The bottom line is this: Candidate Beware!! You, the candidate, are on your own. The fact that a school is present at a hiring fair does not necessarily mean that it follows legal hiring practices or will treat you as a professional. While the candidates must prove their credentials in order to participate, the schools don’t have to jump through such hoops. Look out for your own interests. Be assertive with your questions; don’t let yourself feel pressured to accept a position you are not sure about. We all need to think about how we can support each other in the international schools arena, especially as we have no teachers’ union, no legal representation and are essentially on our own upon arrival in a new country.
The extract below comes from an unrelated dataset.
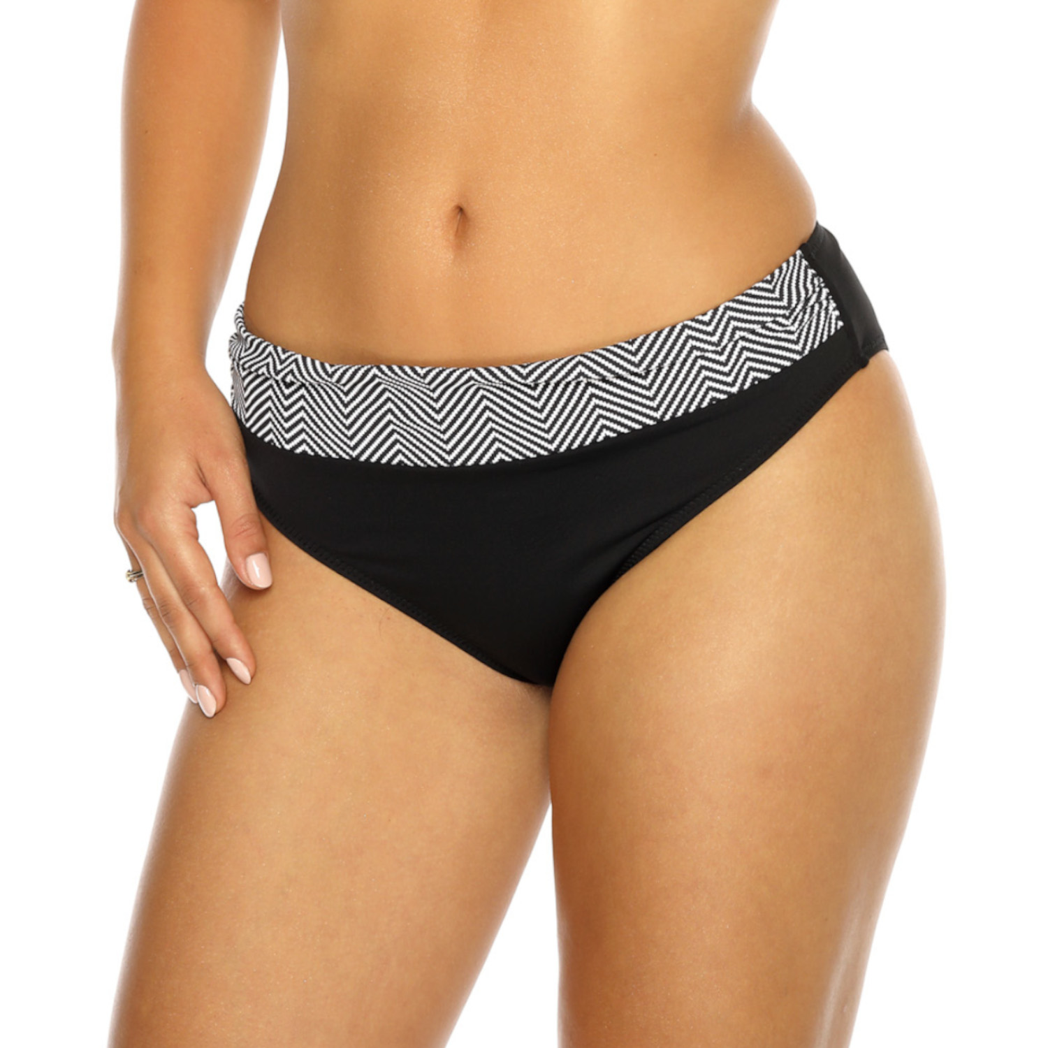 Brigitt Z dodaje uroku kobietom o krągłych kształtach. Dzięki usztywnianym miseczkom i fiszbinom biust prezentuje się atrakcyjnie. Wkładki push-up są wyjmowane, dzięki czemu biustonosz można dopasować do indywidualnych wymagań. Drobny biało-czarny wzór koncentruje uwagę na górnej części ciała, a jego wstawka na figach efektownie uzupełnia kostium. Klasyczne majtki przysłaniają brzuch i wyszczuplają biodra oraz całą sylwetkę.
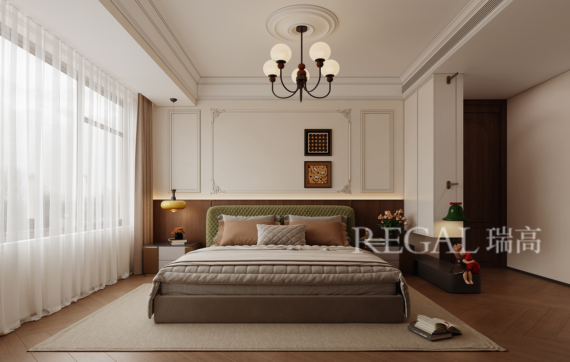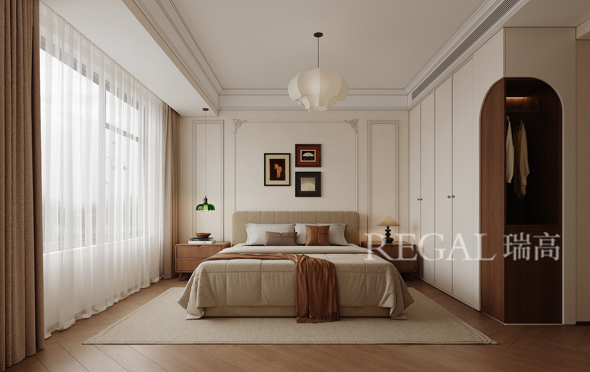 本方案为定义为法式中古风,通过线条的对称的仪式感,家具和造型线条的干净流畅,强调功能性与美感的平衡,色彩以中性主色调营造宁静基底,天然材料的原始质感与新旧对比,最后通过灯光设计、装饰挂画来丰富细节,烘托氛围。

You might ask why we stayed in international education so long? We did it because it’s all part of the adventure. Because the wonderful experiences override the challenges many times over. Because of all the exceptional individuals we have encountered and become friends with in many different countries and cultures. Because of the wealth of experiences our travels have provided our now teenaged children. international teaching has much to offer. You just need to avoid the land mines.